Original Investigation
Less Is More
November 2015

Diagnostic Accuracy of Digital Screening Mammography With and Without Computer-Aided Detection

Author Affiliations
  • 1Department of Radiology, Massachusetts General Hospital, Boston
  • 2Group Health Research Institute, Seattle, Washington
  • 3Departments of Medicine and Epidemiology and Biostatistics, University of California, San Francisco, San Francisco
  • 4Norris Cotton Cancer Center, Geisel School of Medicine at Dartmouth, Dartmouth College, Lebanon, New Hampshire
  • 5Department of Public Health Sciences, School of Medicine, University of California, Davis

Copyright 2015 American Medical Association. All Rights Reserved. Applicable FARS/DFARS Restrictions Apply to Government Use.

JAMA Intern Med. 2015;175(11):1828-1837. doi:10.1001/jamainternmed.2015.5231

Importance  After the US Food and Drug Administration (FDA) approved computer-aided detection (CAD) for mammography in 1998, and the Centers for Medicare and Medicaid Services (CMS) provided increased payment in 2002, CAD technology disseminated rapidly. Despite sparse evidence that CAD improves accuracy of mammographic interpretations and costs over $400 million a year, CAD is currently used for most screening mammograms in the United States.

Objective  To measure performance of digital screening mammography with and without CAD in US community practice.

Design, Setting, and Participants  We compared the accuracy of digital screening mammography interpreted with (n = 495 818) vs without (n = 129 807) CAD from 2003 through 2009 in 323 973 women. Mammograms were interpreted by 271 radiologists from 66 facilities in the Breast Cancer Surveillance Consortium. Linkage with tumor registries identified 3159 breast cancers in 323 973 women within 1 year of the screening.

Main Outcomes and Measures  Mammography performance (sensitivity, specificity, and screen-detected and interval cancers per 1000 women) was modeled using logistic regression with radiologist-specific random effects to account for correlation among examinations interpreted by the same radiologist, adjusting for patient age, race/ethnicity, time since prior mammogram, examination year, and registry. Conditional logistic regression was used to compare performance among 107 radiologists who interpreted mammograms both with and without CAD.

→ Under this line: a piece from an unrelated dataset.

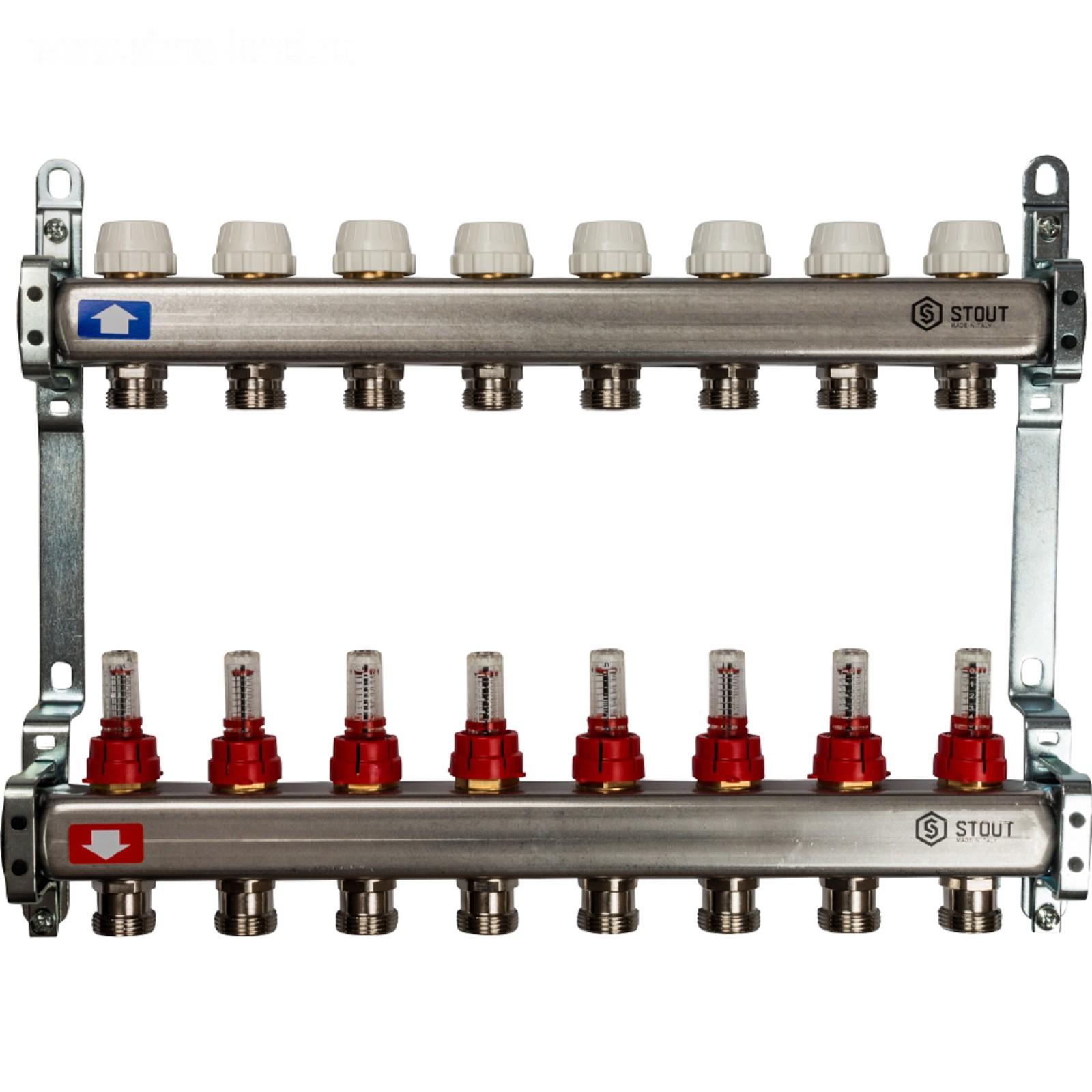 Коллекторная группа STOUT SMS 0917 000008, 1"х3/4", 8 выходов, с расходомерами, нерж. сталь

Results  Screening performance was not improved with CAD on any metric assessed. Mammography sensitivity was 85.3% (95% CI, 83.6%-86.9%) with and 87.3% (95% CI, 84.5%-89.7%) without CAD. Specificity was 91.6% (95% CI, 91.0%-92.2%) with and 91.4% (95% CI, 90.6%-92.0%) without CAD. There was no difference in cancer detection rate (4.1 in 1000 women screened with and without CAD). Computer-aided detection did not improve intraradiologist performance. Sensitivity was significantly decreased for mammograms interpreted with vs without CAD in the subset of radiologists who interpreted both with and without CAD (odds ratio, 0.53; 95% CI, 0.29-0.97).

Conclusions and Relevance  Computer-aided detection does not improve diagnostic accuracy of mammography. These results suggest that insurers pay more for CAD with no established benefit to women.